The need for launder is much more clear regarding compiler optimisations if the same storage is used to hold different objects during its lifetime. But you technically need it when the storage only ever holds a single object.

>
>> That should also have nothing to do with start_lifetime_as, because
>> that placement-new plus the later address-obtaining and use
>> should work even for non trivial types, for any T, regardless of
>> whether trivial or complex, so start_lifetime_as doesn't solve
>> any problems here anyway.
>
>Agreed but in this case start_lifetime_as wouldn't be the solution either. If
>the object's lifetime has already started, then it should be std::launder
>instead or (as you and I seem to agree) reinterpret_cast.
>
>> > But the standard also says that memcpy() is allowed to implicitly create
>> > objects, something this paper even reminds us of. Since any read() implies
>> > a memcpy() from some other storage, I argue that the object's lifetime
>> > was already started.
>>
>> Well, there's a limited bunch of special functions that the standard
>> recognizes as implicit-lifetime-starting.

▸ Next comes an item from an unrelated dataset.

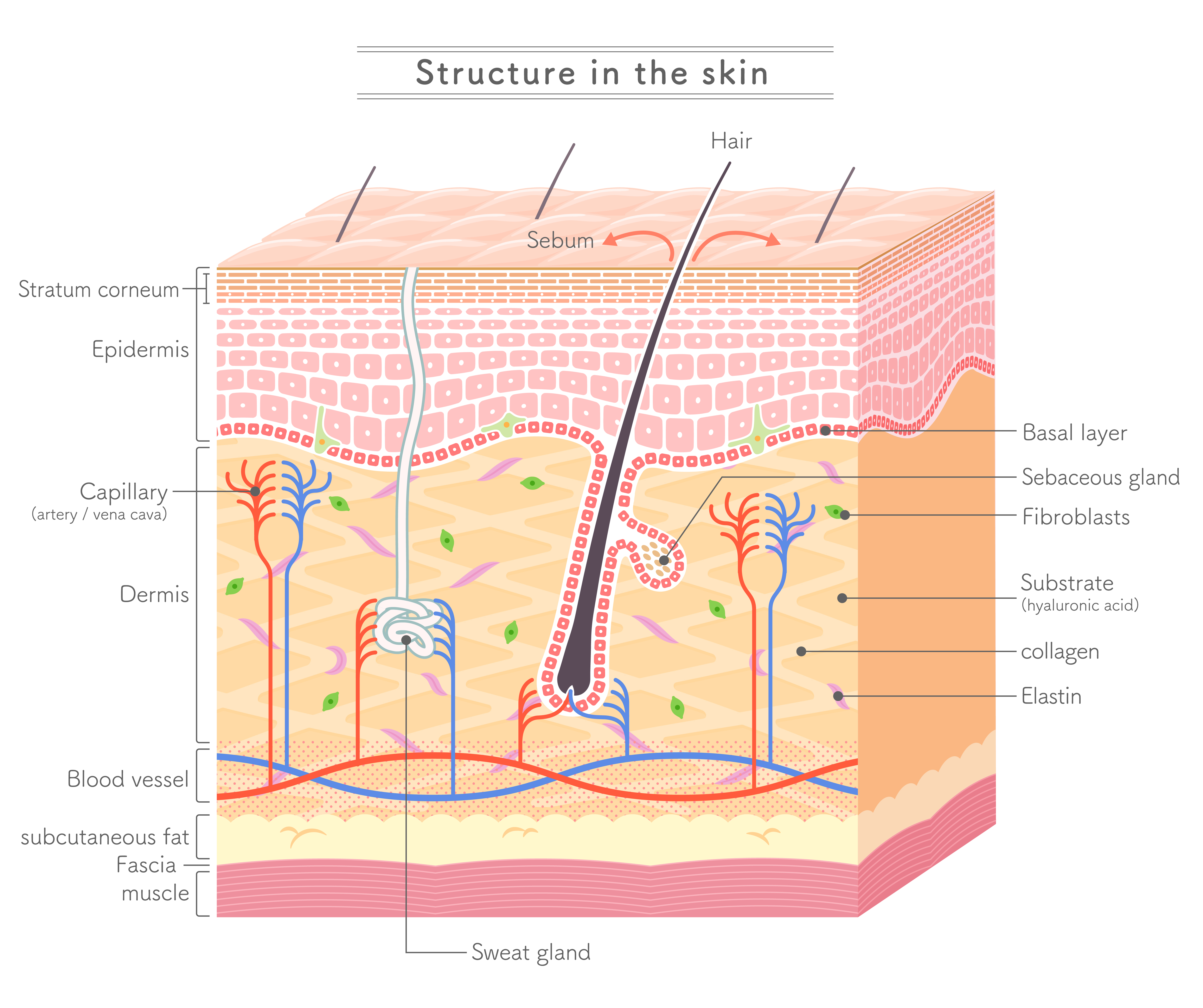 피부는 우리 몸에서 가장 넓은 면적을 차지하는 기관으로 몸무게의 약 7%를 차지하며 전체 면적은 2㎡정도 이다. 피부를 자세히 살펴보면 표피, 진피, 피하지방층으로 나누어 볼 수 있다. 피부의 가장 바깥 층인 표피에서는 각질 세포를 끊임없이 생성해 외부 자극으로부터 피부가 견딜 수 있도록 장벽 역할을 한다. 표피 아래에 있는 진피는 매우 복잡하게 얽혀 있는데 진피에 있는 신경은 통증, 온도, 접촉, 압력 등에 대한 느낌을 전달하고 빠르게 대처 함으로써 우리 몸을 보호하는 역할을 한다. 마지막으로 진피 아래에 있는 피하조직은 우리가 섭취한 에너지 중 남은 부분이 지방 형태로 피하조직에 저장이 된다. 이 피하지방은 충격 완화 작용과 체온을 유지하는 역할을 하며 비상시에는 이를 분해해 에너지로 쓰기도 한다.

>> malloc is one of them, memcpy is another, but not all operations that
>> copy memory are in that bunch.
>
>True, but I argue that this is the very case where it is implicitly starting a
>lifetime, because it is copying a full object whose lifetime was previously
>started elsewhere onto this buffer.
>
>> That's why we need start_lifetime_as, to be able to provide an escape
>> hatch to communicate to the language
>> that such a special operation is in play, even though the standard
>> doesn't explicitly recognize it as such,
>> and that also makes that bunch extensible.
>
>I understand what you're saying, but I only agree in very limited
>circumstances, for automatic or static storage buffers. For dynamic storage,
>you obtained such using malloc() or an equivalent platform-specific blessed
>function (mmap, brk) and/or copied an extant object there with memcpy().
>
>Even for automatic and static storage buffers, I am arguing that read(),
>recv(), recvfrom(), recvmsg() perform a memcpy() from an unseen storage of an
>extant object that was previously write()ten. I also argue that mmap() does
>such a memcpy() too, like a lot of other functions do. Therefore, this should
>not be UB:
>
> struct sockaddr_storage buf;
> socklen_t len = sizeof(buf);
> getsockname(sockfd, reinterpret_cast<sockaddr *>(&buf), &len);
> if (buf.ss_family == AF_INET)
> do_inet(reinterpret_cast<sockaddr_in *>(buf));
> else if (buf.ss_family == AF_INET6)
> do_inet6(reinterpret_cast<sockaddr_in6 *>(buf));
>
>I advise that people to just use a union here and benefit from the common
>initial sequence rule, but the language of pointer-interconvertibility and the
>fact that getsockname() performed a memcpy() from such a union type means the
>code above must not be UB.
>
>The actual implementation inside the Linux kernel does not have the union. It
>does however start the lifetime of a sockaddr_in or sockaddr_in6 object (using
>the C language rules for that) then memcpy()s onto your buffer, so
>std::launder() would be correct. The FreeBSD implementation is even more
>explicit by using malloc()
>https://github.com/freebsd/freebsd-src/blob/main/sys/netinet/in_pcb.c#L1832

Received on 2023-08-01 05:58:00